Palestinian gallery director

Lara Khaldi (لارا الخالدي) is a Palestinian museum director and cultural producer, who is director of de Appel, a contemporary art centre in the Netherlands. In 2019 she was selected as one of Apollo magazine's '40 under 40 Middle East Thinkers'.

== Early life, education and career ==
Born in Jerusalem, Khaldi was educated at the European Graduate School, Saas-Fee, Switzerland. She is also an alumna of the de Appel curatorial programme in Amsterdam.

A former head of Media Studies at Alquds Bard College, she previously taught art history at Birzeit University, and was a tutor at the Sandberg Institute. She also worked as deputy director at Sharjah Art Foundation and director of Khalil Sakakini Cultural Centre in Ramallah.

In 2017, Khaldi served as the interlocutor for “Shifting Ground,” the Ramallah off-site project of Sharjah Biennial 13 (SB13), curated by Christine Tohme.

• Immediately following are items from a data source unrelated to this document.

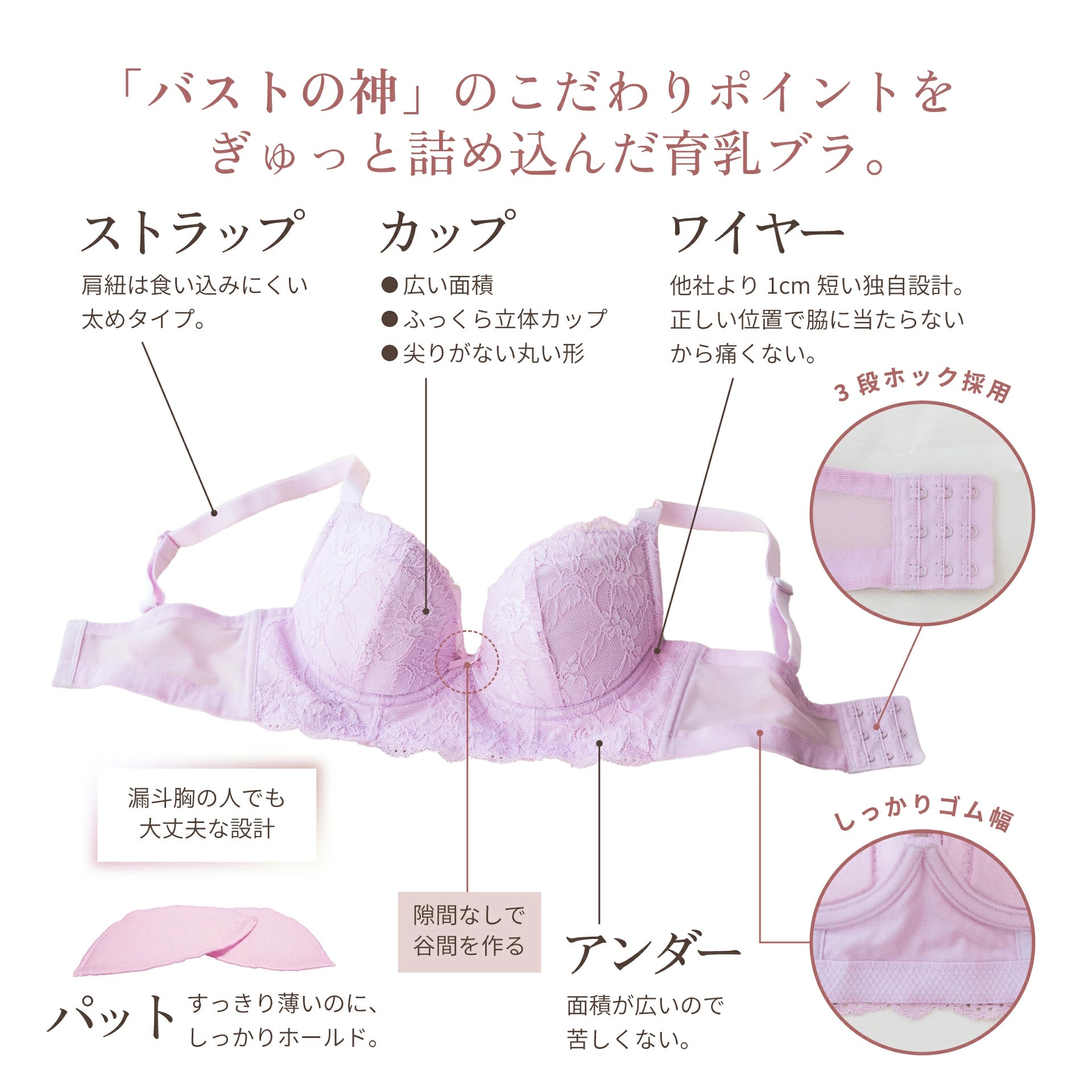 細部にまでこだわりを詰めた、理想的なバストの形を作り出す育乳ブラ。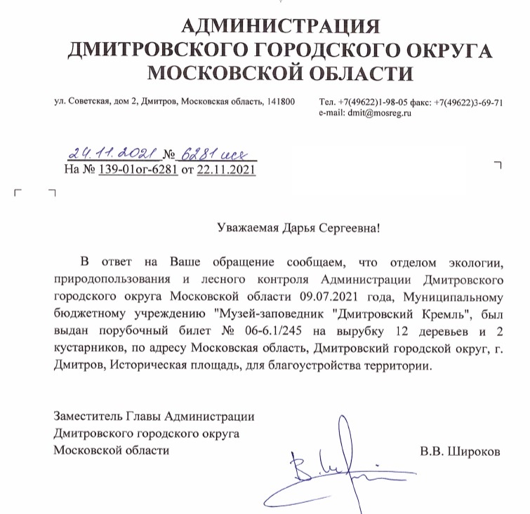 Жители Дмитрова получили ответ на свою жалобу, касающуюся вырубки деревьев на территории одного из древнейших исторических памятников Подмосковья - Дмитровского Кремля. Из документа следует, что летом этого года деревья были спилены законно, согласно порубочному билету, который утвердили местные чиновники.
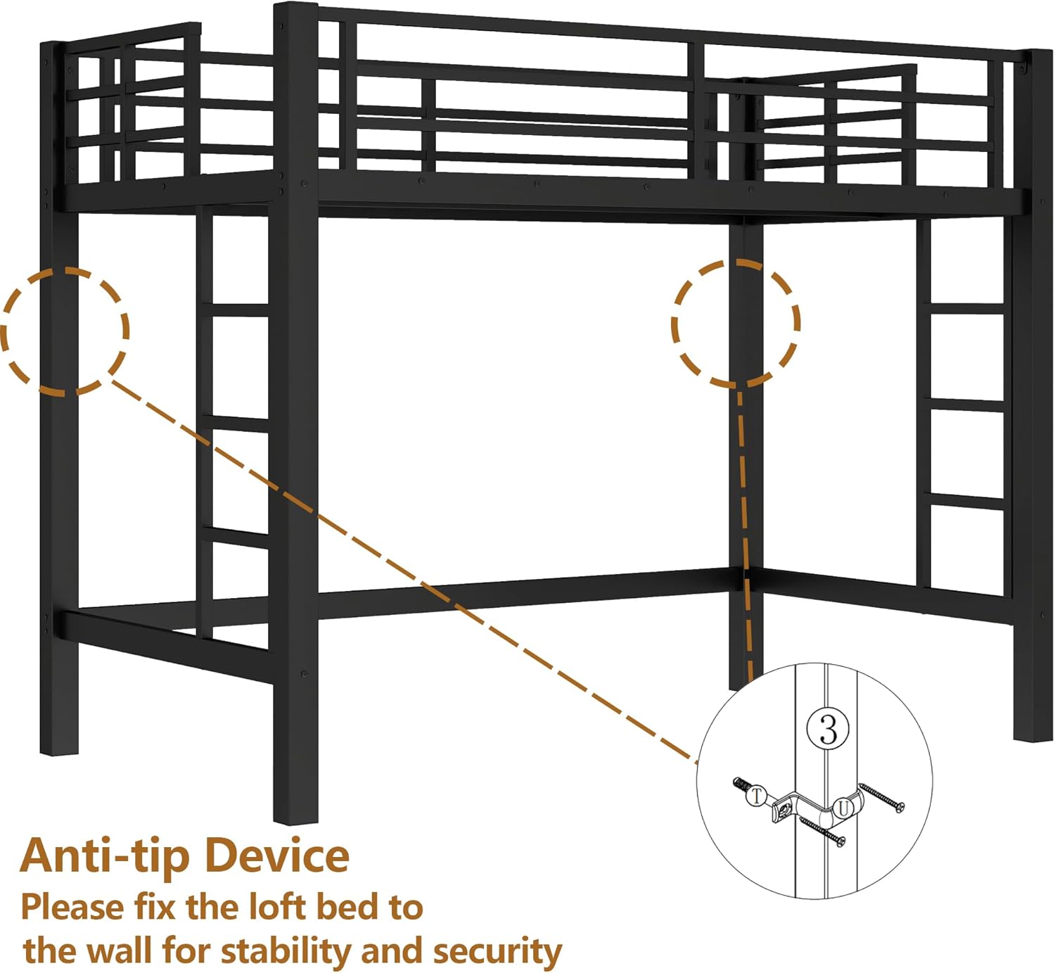 - All four sides of the loft bed frame are equipped with protective guardrails to prevent accidental falls. Ensure they are properly installed and secured.
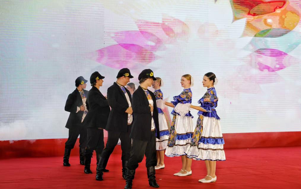 在美食摊前举杯碰盏,于舞台上下共舞同歌。舞台中央柔美大气的开场舞刚收尾,俄罗斯演员便踩着明快节拍登场,裙摆飞扬,靴声清脆,引得台下观众阵阵掌声。俄罗斯姑娘瓦利西亚举着手机凑近舞台,“我想把这样的热闹记录下来,这里的节日气氛让人难忘。”她笑着说。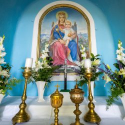 Az ünnepélyes szentmise elején Dr. Székely János megáldotta a megújult kápolnát és a haranglábat is.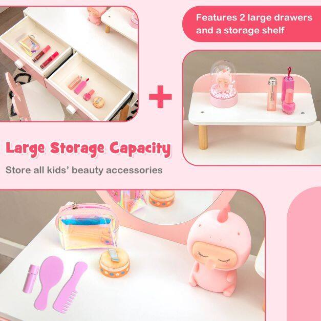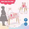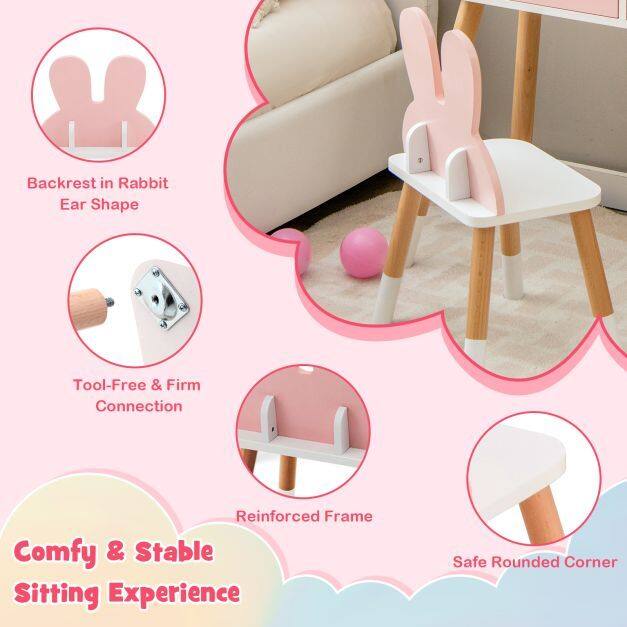 Perfect Gift for Your Little One: Featuring a lovely rabbit appearance, this kid-sized vanity table and chair set will be a wonderful birthday or Christmas gift for your kids. The chair with a wide seat and ergonomic backrest provides great support and comfort for kids while doing makeup, writing or drawing pictures.

Her curatorial practice has included collaborations with many artists and practitioners, including Bojana Cvejić, Noor Abed, Yazan Khalili, and José A. Sánchez. In 2023 she was appointed director of de Appel, a contemporary art centre in the Netherlands.

In 2019 she was selected as one of Apollo magazine's '40 under 40 Middle East Thinkers'.